Japan's Covid border control was widely eased in May and the yen remains weak, leading to a fast recovery in spending by foreign visitors at retail stores and tourist destinations. But some economists warn that elevated costs for daily necessities are prompting Japanese households to be more cautious about spending.

The Tankan diffusion index showing sentiment among major manufacturers is forecast to rise slightly to 6 in September from 5 in June, when it rose more than expected from 1 in March. The index measuring sentiment among major non-manufacturers is seen improving slightly to 24 from 23 in June, which would be a sixth straight quarterly improvement, after edging up to 20 in March from 19 in December.

The sentiment index for smaller manufacturers is forecast at minus 4 in September, up slight from minus 5 in June. The index for their non-manufacturing counterparts is seen posting a sixth consecutive improvement in September, rising to 12 from 11 in June.

The Tankan survey is expected to show both large and small firms are revising up their plans for investment in equipment for fiscal 2023 that began on April 1. Capex is generally supported by demand for automation amid labor shortages as well as government-led digital transformation and emission control.

Major firms are projected to show their plans for business investment in equipment will rise a combined 13.8 percent on the year in fiscal 2023, revised up slightly from the 13.4 percent increase planned in the June survey and up sharply from a modest 3.2 percent planned in March. Smaller firms are also expected to revise up their combined capital spending plans to a solid 4.4 percent in fiscal 2023 from the 2.4 percent rise planned three months earlier and an unusually bullish 1.4 percent rise projected in March. Small businesses tend to forecast a decline at the start of the new fiscal year and revise up their plans later in the year.

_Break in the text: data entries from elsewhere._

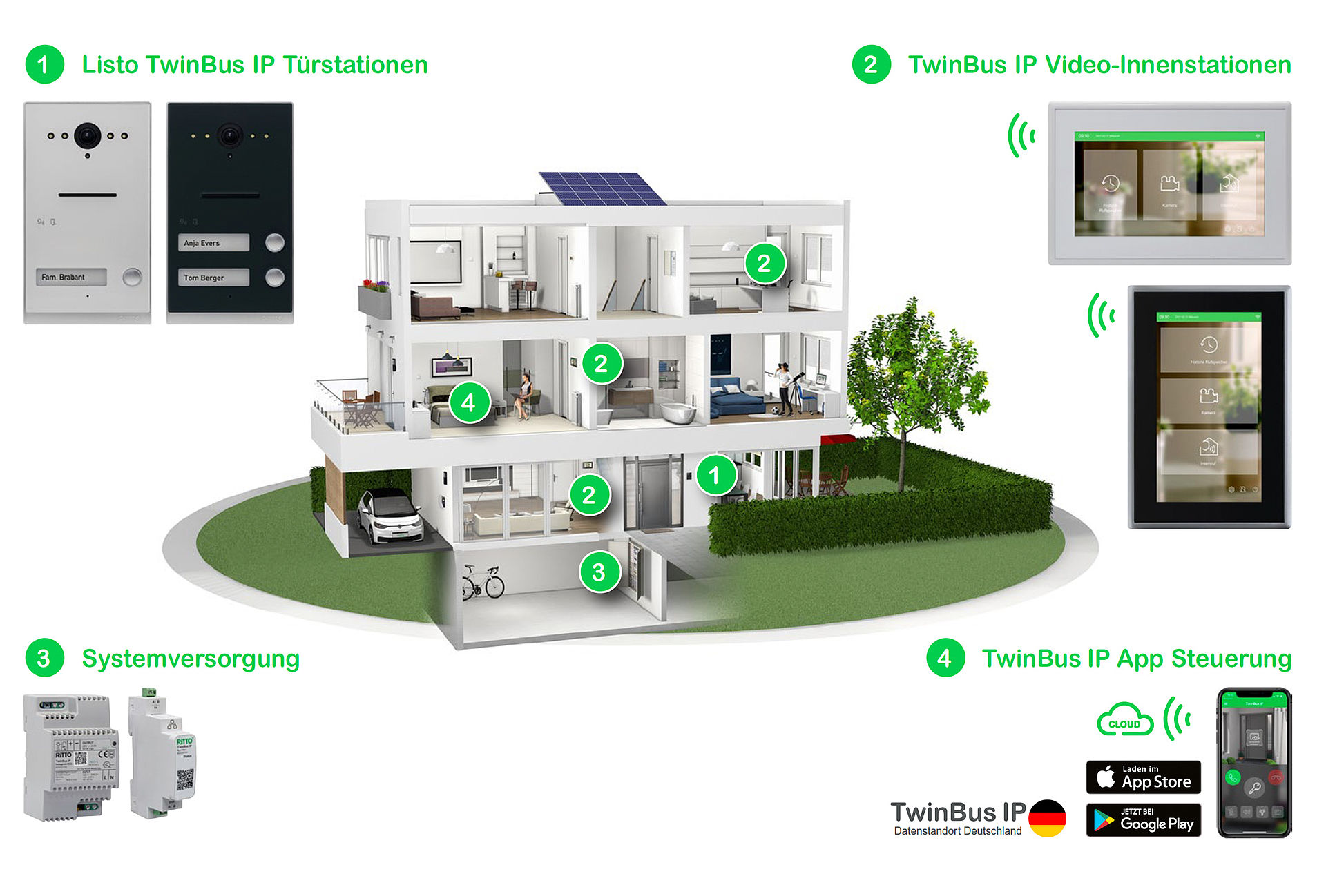 Die Türkommunikation in einem smarten Haus auf ein digitales Level zu heben, gelingt mit ganzheitlichen, vorkonfigurierten Lösungen wie den neuen Listo TwinBus IP Sets besonders leicht. Jedes Set enthält: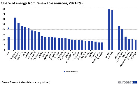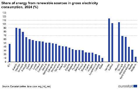 Οι χώρες της ΕΖΕΣ, η Νορβηγία και η Ισλανδία, καθώς και η υποψήφια χώρα Αλβανία, παρήγαγαν περισσότερη ηλεκτρική ενέργεια από ανανεώσιμες πηγές από τη συνολική ποσότητα ηλεκτρικής ενέργειας που κατανάλωσαν το 2024, με αποτέλεσμα το μερίδιό τους να υπερβαίνει το 100 %. Σε ορισμένες από αυτές τις περιπτώσεις, το αποτέλεσμα οφείλεται στην υψηλότερη παραγωγή σε σχέση με την κατανάλωση με καθαρές εξαγωγές (Νορβηγία) ή σε πραγματικό μερίδιο 100 %, αλλά η κανονικοποίηση της υδροηλεκτρικής ενέργειας ανεβάζει το αποτέλεσμα του μεριδίου σε υψηλότερο επίπεδο (Ισλανδία και Αλβανία).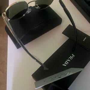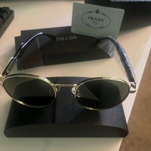 Elegant round sunglasses with a gold frame. Dark lenses for a chic look.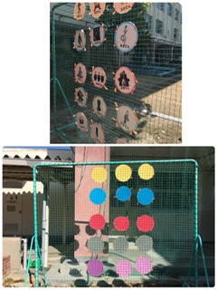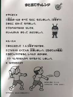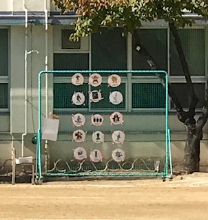 投げる能力を高めるために、まと当てが今日から登場しました。子ども達のため、体育担当の先生が心をこめて工夫して作ったものです。約束を守って、仲良く、楽しく使ってくださいね。裏もカラーでとってもおしゃれです。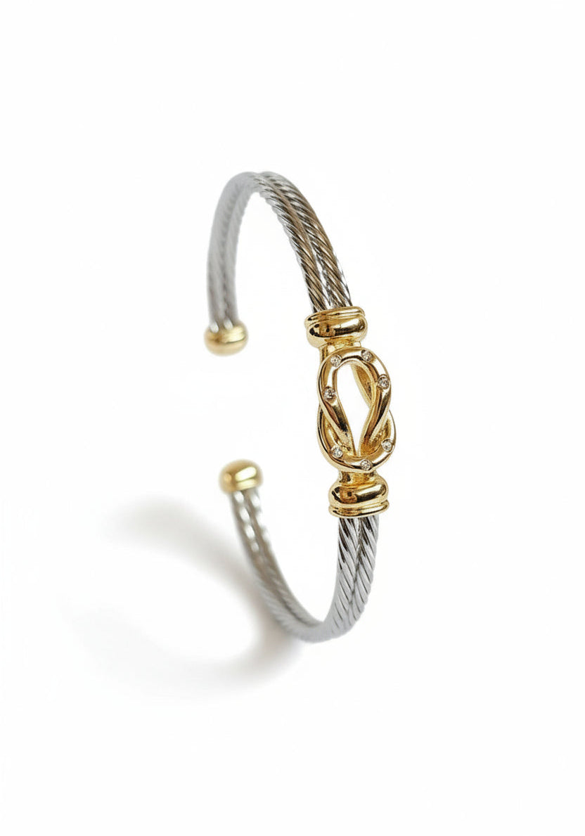 Gold Reef Knot Gold Plated Cable Bangle Bracelet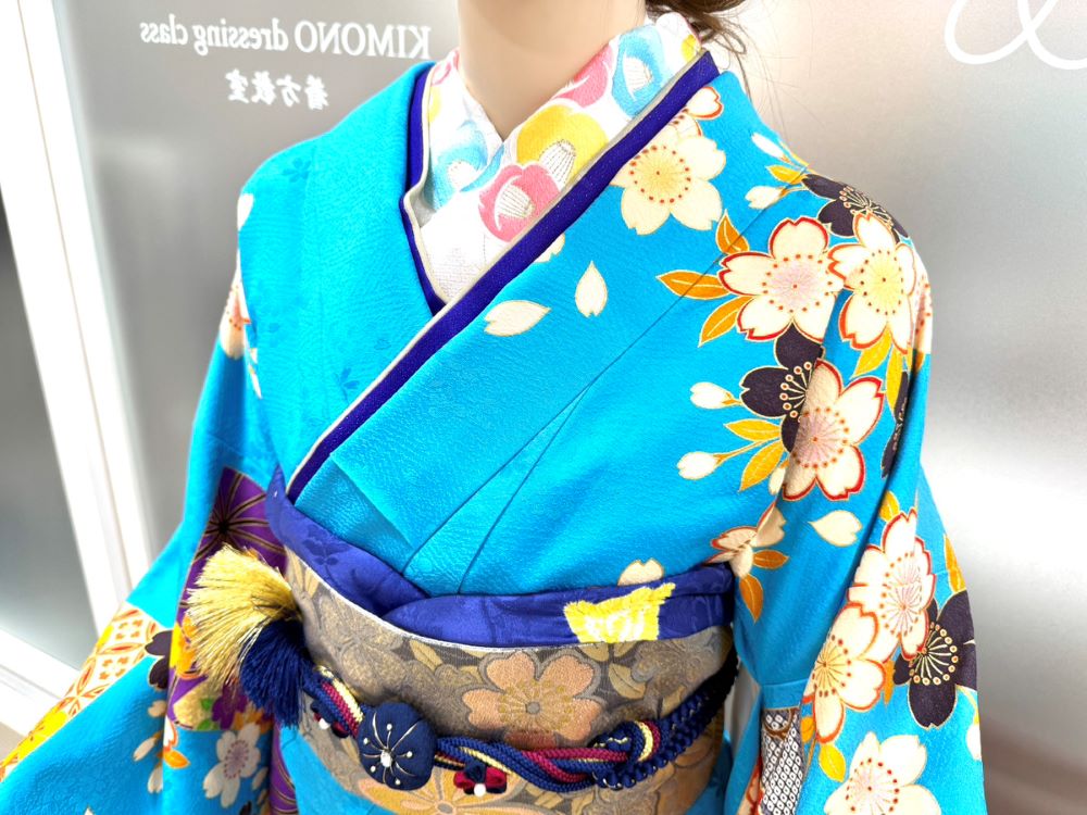 重ね衿: 振袖よりも深い色の青 を入れることにより、

The BoJ will analyze this and other pieces of data ahead of its next policy meeting on Oct. 30-31, when the bank is expected to leave its basic easing stance unchanged to help achieve stable 2 percent inflation with substantial wage growth while continuing to review the costs and benefits of keeping the yield curve control framework including the negative short-term interest rate target.

Definition

The Tankan survey, which is conducted quarterly by the Bank of Japan, is considered the most complete reading of Japan's economic performance. The Tankan surveys individual components of the economy such as large and small manufacturing and nonmanufacturing enterprises. A key component of the survey deals with capital expenditures (CAPEX) going forward.

Description

The Bank of Japan's Tankan survey is considered one of the most important indicators of the economy's health and helps the Bank of Japan determine monetary policy. It is widely used by investors to determine future investments in Japan. Firms are asked questions that cover a wide range of topics including the future direction of capital expenditure and pricing as well as the corporate outlook towards employment and the overall economy.

The data are broken down by large, medium and small manufacturers as well as the non-manufacturing sectors. A key number to watch is the all industries capital expenditure or CAPEX measures capital expenditure by all Japanese industries except the financial industry. The large manufacturers' index reflects the large international companies while the small manufacturers' index is reflects the domestic economy.